When to Use Which Method
Use heuristic evaluation when:
- The design is early-stage (wireframes, prototypes)
- Budget or time constraints prevent user testing
- You need a quick assessment of a competitor's product
- You want to identify low-hanging fruit before user testing Use cognitive walkthrough when:
- Learnability is a primary concern (new users, infrequent use)
- The task flow is complex and sequential
- You want to evaluate whether a specific task can be completed without training Use user testing when:
- You need to validate that the design works for real users
- Quantitative metrics (task time, completion rate, satisfaction) are needed
- The design is at a stage where user feedback can still influence changes
- You want to discover problems that experts cannot predict Use multiple methods when:
- The stakes are high (safety-critical systems, high-traffic consumer products)
- The budget allows iterative evaluation
- You want the most comprehensive assessment possible
Key Takeaways
- Heuristic evaluation uses trained evaluators and established principles to identify usability problems without user involvement.
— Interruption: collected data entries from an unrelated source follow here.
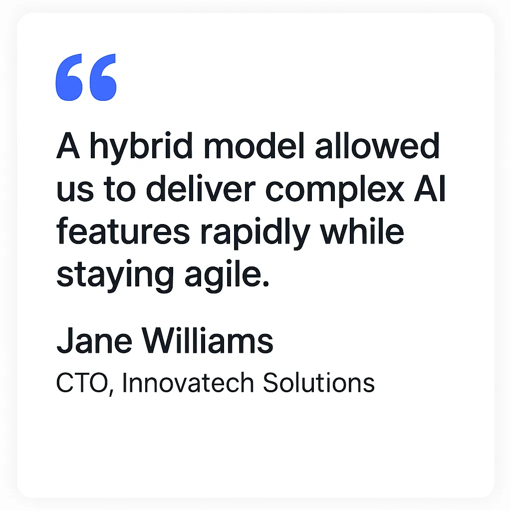 Outsourcing select AI components to vetted specialists can reduce end-to-end delivery time and lower total project costs. A hybrid approach—keeping core IP in-house while outsourcing complex AI components—often yields the highest speed and flexibility for resource-constrained startups.
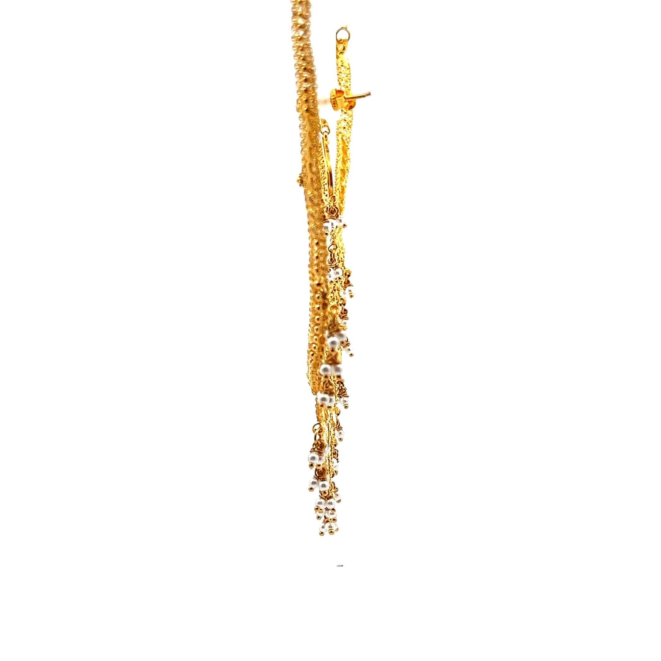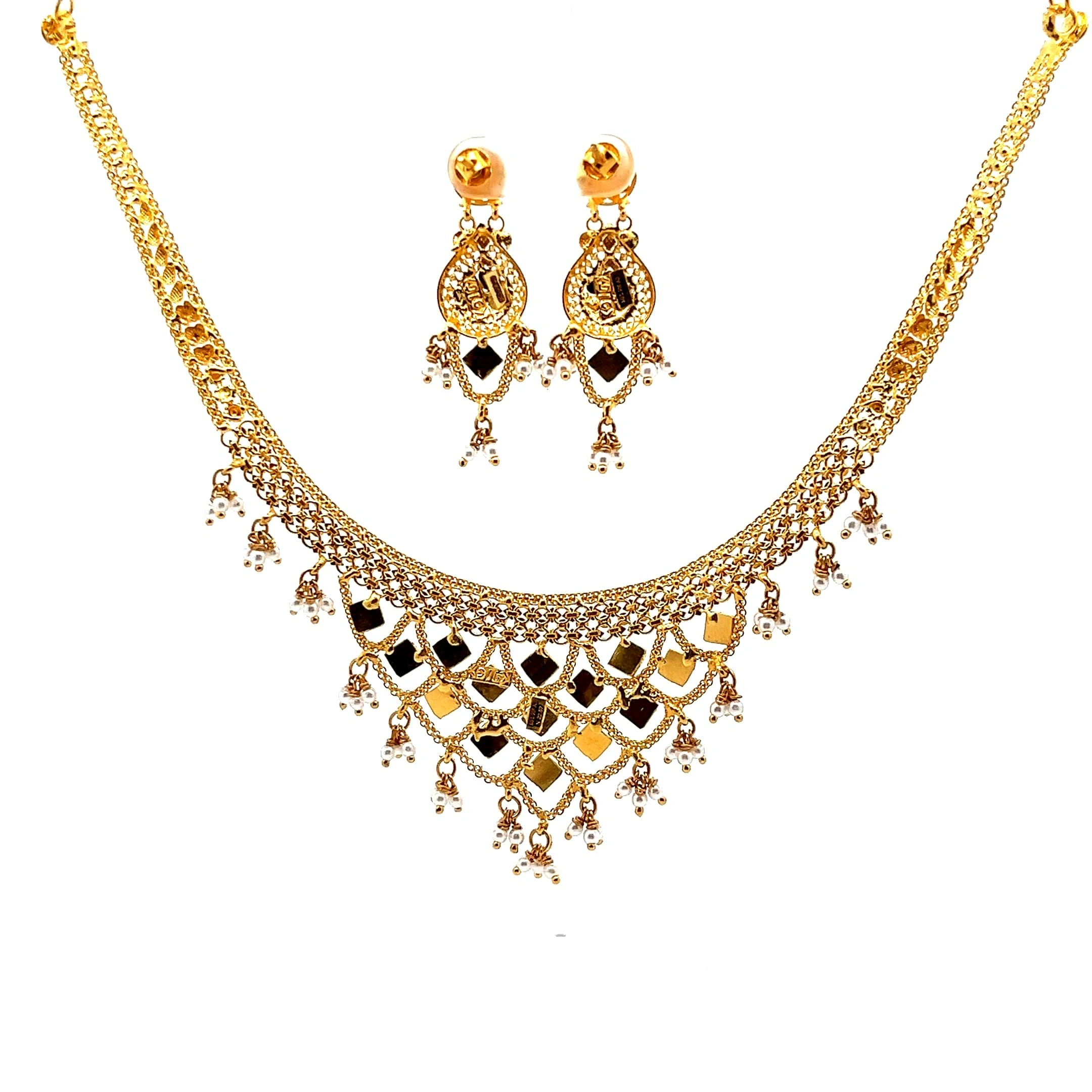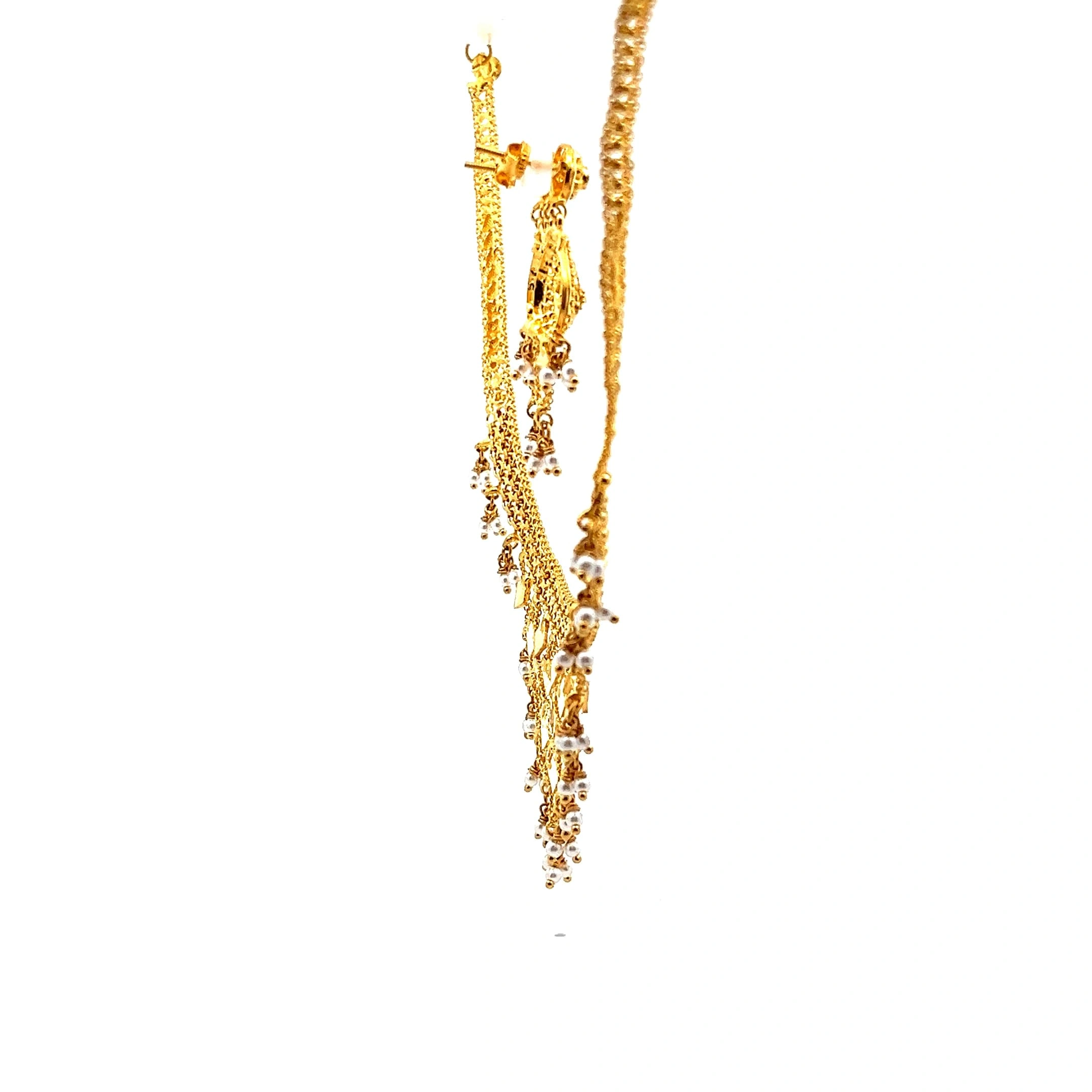 The Vanguard Prism Necklace set offers a sophisticated blend of contemporary design and classic glamour. Expertly fashioned from 22-karat yellow gold, the design features a sequence of striking geometric, fan-shaped links, creating an elegant ‘V’ silhouette. Each unit is meticulously accented with sparkling white and contrasting dark stones, providing exceptional brilliance and depth. The central drop motif adds a beautiful focal point, while the matching drop earrings complete the look. This versatile set is ideal for evening wear, formal dinners, or modern bridal parties, providing a sleek, polished, and unforgettable appearance.
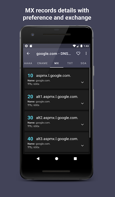 DNS Hero let you inspect DNS zones easily. This app will give you information about the root nameserver, nameservers associated with the domain and various other DNS records (A, AAAA, MX, CNAME, TXT, SOA). You can also view the domain health as a diagnostic is run.
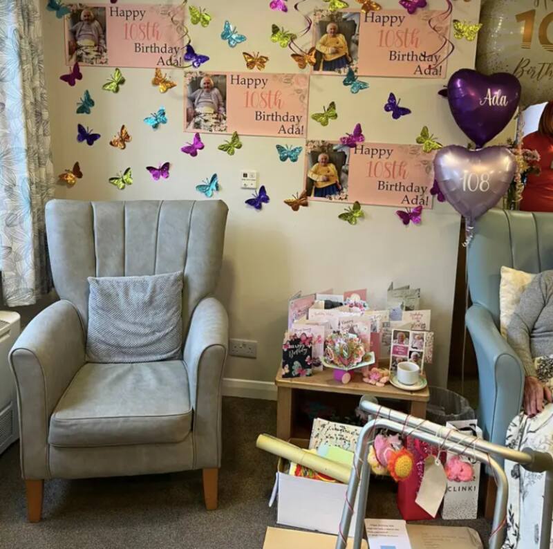 Además de ese gesto de cariño de tantos desconocidos, Goucher y el equipo del hogar quisieron celebrar a la mujer aún más: decoraron el inmueble con globos, carteles y mariposas de papel brillante. También tomaron el té.
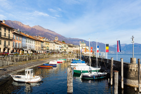 CANNOBIO, ITALY - JANUARY 3, 2022: Landscape of the streets of the small resort town of Cannobio
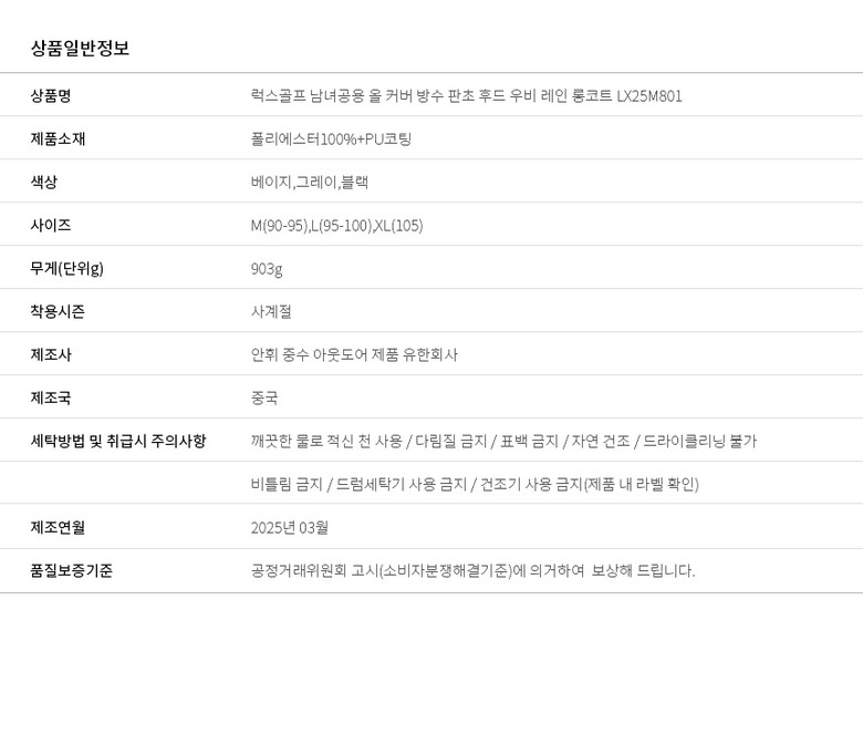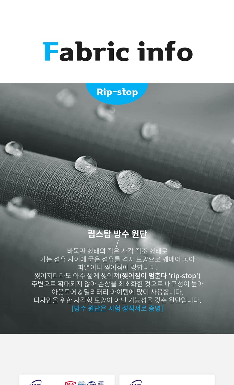 1. 제품 소재 (섬유의 조성 또는 혼용률을 백분율로 표시, 기능성인 경우 성적서 또는 허가서) 폴리에스터100%+PU코팅
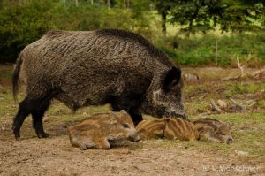 Bei uns ist das Wildschwein so gut wie flächendeckend verbreitet. Sie leben zusammen in einer Rotte. Angeführt wird die Rotte in der Regel von dem ältesten und erfahrensten Tier, der Leitbache. Außerhalb der Paarungszeit sind die männlichen Tiere (Keiler) Einzelgänger. Nur in den ersten Lebensmonaten leben sie auch mit in der Rotte. Eine Bache bringt ihre 4 – 6 Jungen von März bis Mai zur Welt. Die Frischlinge werden sehend und behaart geboren.
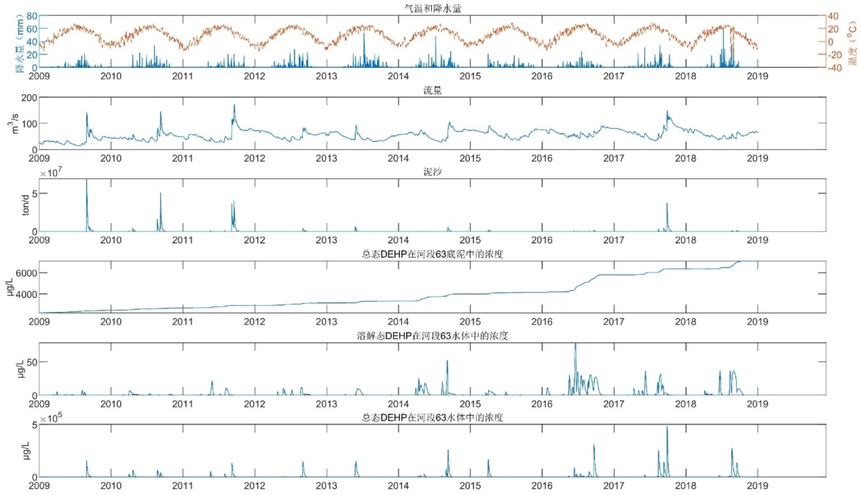 提供以子流域对应河段划分的不同河段河水、沉积物中化学物质浓度估计;

Use 3–5 evaluators for adequate coverage.
- Cognitive walkthrough focuses on learnability by tracing task steps and asking whether a new user would succeed at each step.
- Expert review is faster and cheaper than user testing but identifies different (overlapping) problems and is subject to evaluator expertise and bias.
- Severity ratings based on impact and frequency prioritise remediation efforts.
- Expert review and user testing are complementary; the strongest evaluation programmes use both.
Further Reading
- Nielsen, J., & Molich, R. (1990). Heuristic evaluation of user interfaces. Proceedings of CHI '90, 249–256.
- Nielsen, J. (1994). Heuristic evaluation. In J. Nielsen & R. L. Mack (Eds.), Usability Inspection Methods (pp. 25–62). John Wiley & Sons.
- Wharton, C., Rieman, J., Lewis, C., & Polson, P. (1994). The cognitive walkthrough method: A practitioner's guide. In J. Nielsen & R. L. Mack (Eds.), Usability Inspection Methods (pp. 105–140). John Wiley & Sons.
- Hertzum, M., & Jacobsen, N. E. (2003). The evaluator effect: A chilling fact about usability evaluation methods. International Journal of Human-Computer Interaction, 15(1), 183–204.
- Jeffries, R., Miller, J. R., Wharton, C., & Uyeda, K. (1991). User interface evaluation in the real world: A comparison of four techniques. Proceedings of CHI '91, 119–124.